Most of the time, that is. In RFC 1191 it is suggested that hosts quickly react to a changing path MTU. So implementors decided to simply set the DF bit on ALL packets. At the same time, many people are very suspicious of ICMP packets since they can be used in denial of service attacks or to uncover information about a network. So to be on the safe side a significant number of people filters all ICMP messages. Or routers are configured in such a way that the ICMP packet too big messages aren't generated or can't make it back to the source host. NAT really doesn't help in this regard either.

So what happens when all packets have DF set and there are no ICMP packet too big messages? Right: nothing. Since the first few packets in a session are typically small session get set up without problems but as soon as the data transfer starts the session times out. So what can we do?

The real solution would be that TCP implementators clean up their act and stop depending on ICMP messages that may or may not be generated somewhere along the way. Unfortunately, it looks like they think they don't have to do anything since:
People who configure firewalls and routers should make sure the ICMP packet too big messages are generated with correct IP addresses and passed along to the source host.

Unfortunately, this doesn't really solve the problem for a user who is behind some kind of tunneling mechanism that brings the MTU down below 1500 bytes, such as PPPoE, PPTP or GRE. Fortunately TCP has a Maximum Segment Size (MSS) option that is used to tell the other side the maximum size of the TCP segment (= without IP and TCP headers) it should send. When a host itself knows about the smaller MTU it adjusts the MSS so there is no problem. The trouble starts when there is a router connected to the network with the reduced MTU so the end hosts see the regular ethernet MTU. Many routers implement a feature where the MSS option in TCP session establishment packets is manipulated to avoid this problem. On Cisco routers this is a fairly recent feature that is enabled with the interface command ip tcp adjust-mss .... Unfortunately, it is not entirely clear what impact this feature has on fowarding performance.

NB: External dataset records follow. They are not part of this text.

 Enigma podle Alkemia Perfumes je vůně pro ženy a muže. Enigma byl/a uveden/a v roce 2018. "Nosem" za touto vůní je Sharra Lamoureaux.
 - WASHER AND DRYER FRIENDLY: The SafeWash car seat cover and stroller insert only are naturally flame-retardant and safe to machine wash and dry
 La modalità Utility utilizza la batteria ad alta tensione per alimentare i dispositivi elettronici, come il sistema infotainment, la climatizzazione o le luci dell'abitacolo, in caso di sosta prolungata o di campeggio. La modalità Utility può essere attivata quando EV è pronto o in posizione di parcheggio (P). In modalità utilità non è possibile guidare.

RFC 2923 TCP Problems with Path MTU Discovery
The MSS Initiative
Cisco - Why Can't I Browse the Internet when Using a GRE Tunnel?

Permalink - posted 2003-05-19

RIPE DDoS

(Distributed) Denial of Service attacks continue to be a serious problem. (Well, for the victims, at least.) RIPE suffered an attack on februari 27th 2003 that almost wiped them off the net for two and a half hours.

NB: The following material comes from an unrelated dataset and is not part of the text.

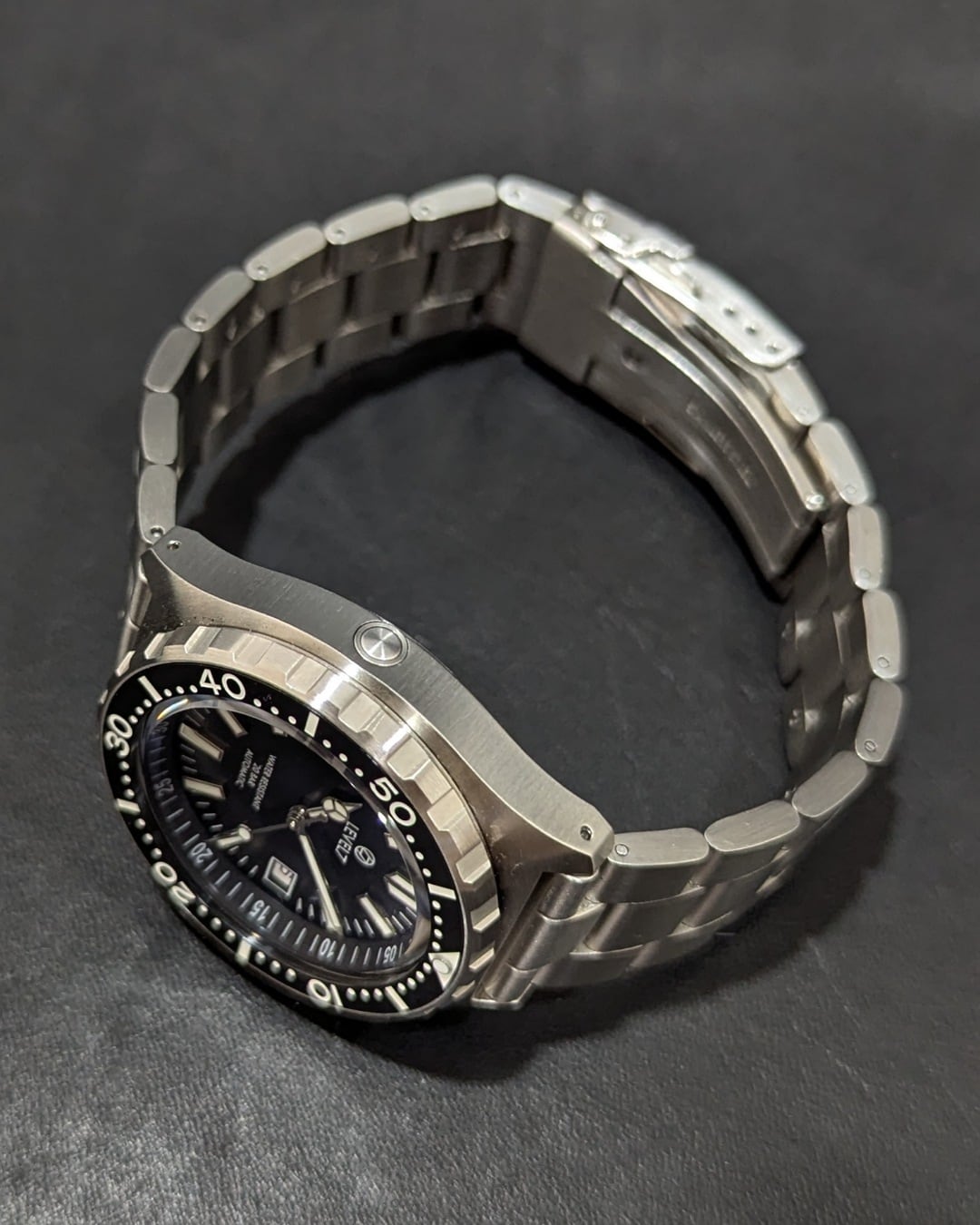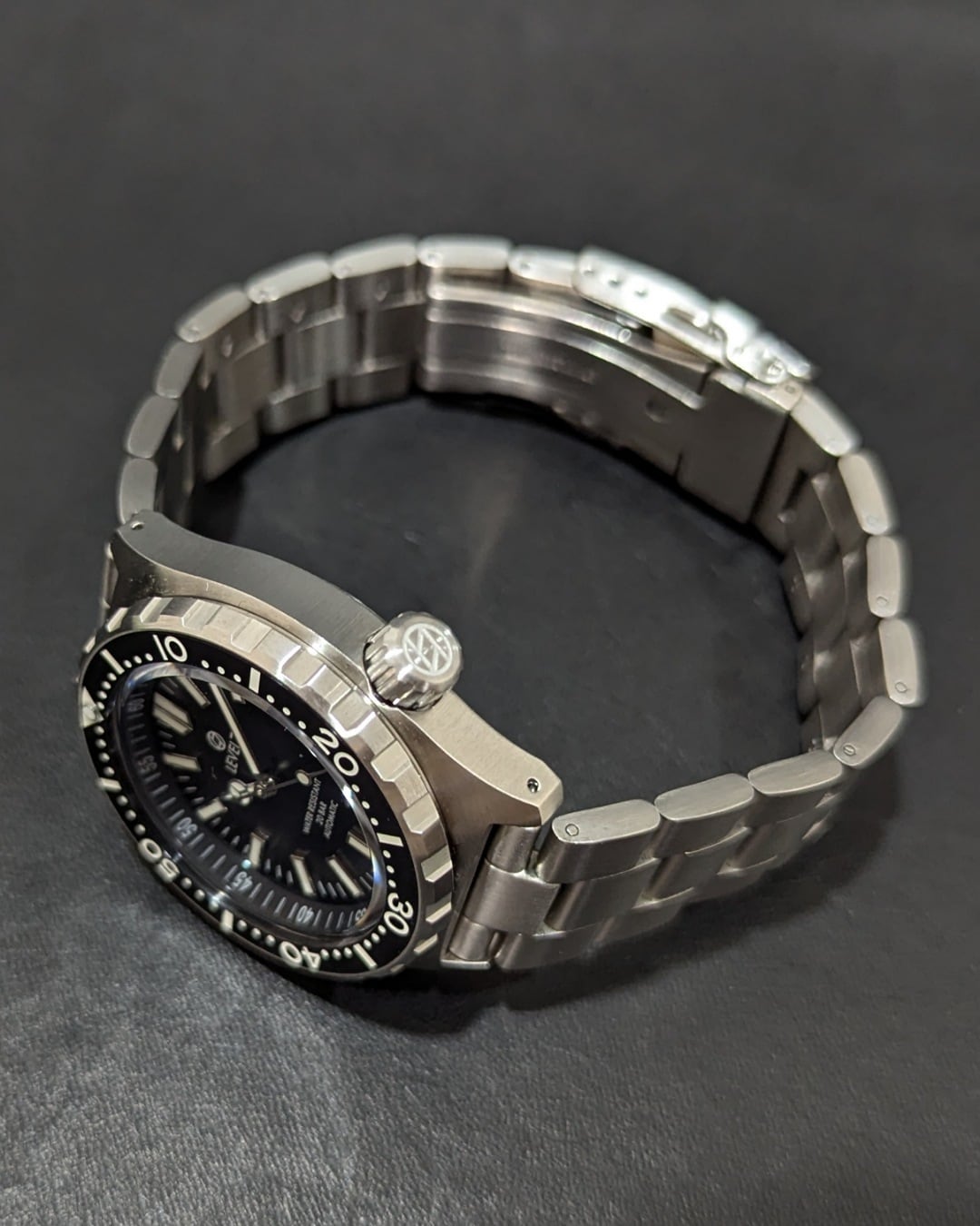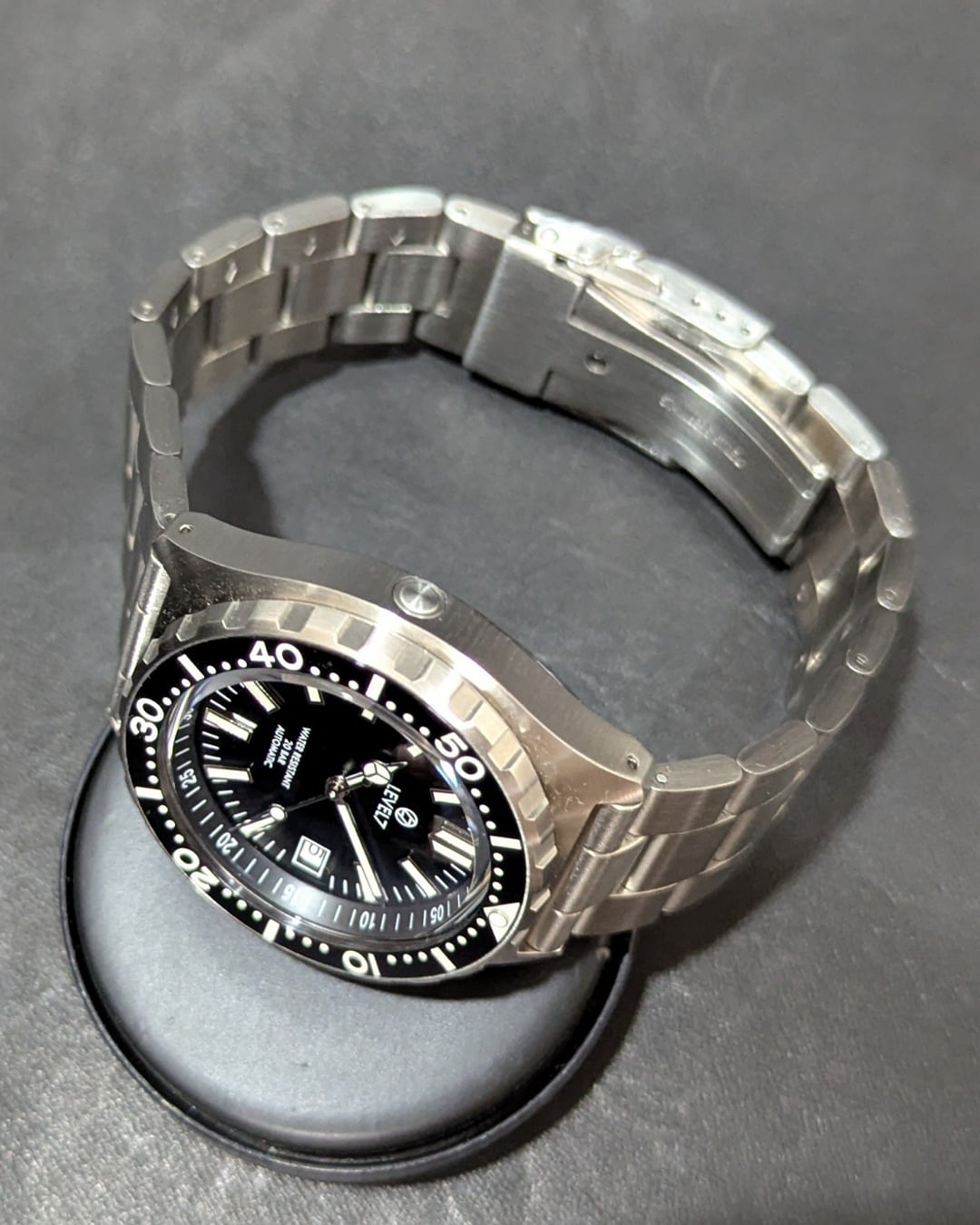 ケースには、酸化に強く、低アレルギーな金属、医療器具などに使用される316Lサージカルステンレス、風防は、傷に強い硬度9を誇るサファイアクリスタルを採用し、視野性を確保するため、ARコーティングを施したコダワリ。 耐水、防水性は、20気圧を確保。 蓄光(ベゼル、ハンズ、インデックス)には、薄暗い時、暗い時、どんな時でも、光を放ちあなたに時間を示してくれる発光度の高いルミナスを採用。 腕時計の心臓部でもあるムーブメントは、日本が誇るセイコーホールディングスの子会社、セイコーウォッチ(SII/TMI)の自動巻きムーブメント(NH36/NH36A)を採用しています。

Permalink - posted 2003-04-10

Bogon filtering

On august 7th 2002, Rob Thomas announced on his bogon list and a number of mailinglists that IANA had delegated the 69.0.0.0/8 address block to APNIC for further distribution to ISPs and end-user organizations in the Asia-Pacific region. The next day, APNIC made an announcement of their own.

Exactly seven months later, someone who had gotten addresses in the new range posted a message to the NANOG under the title "69/8...this sucks". He encountered problems reaching certain destinations from the new addresses and wrote a script to test this. It turned out a significant number of sites ("dozens") still filtered this range.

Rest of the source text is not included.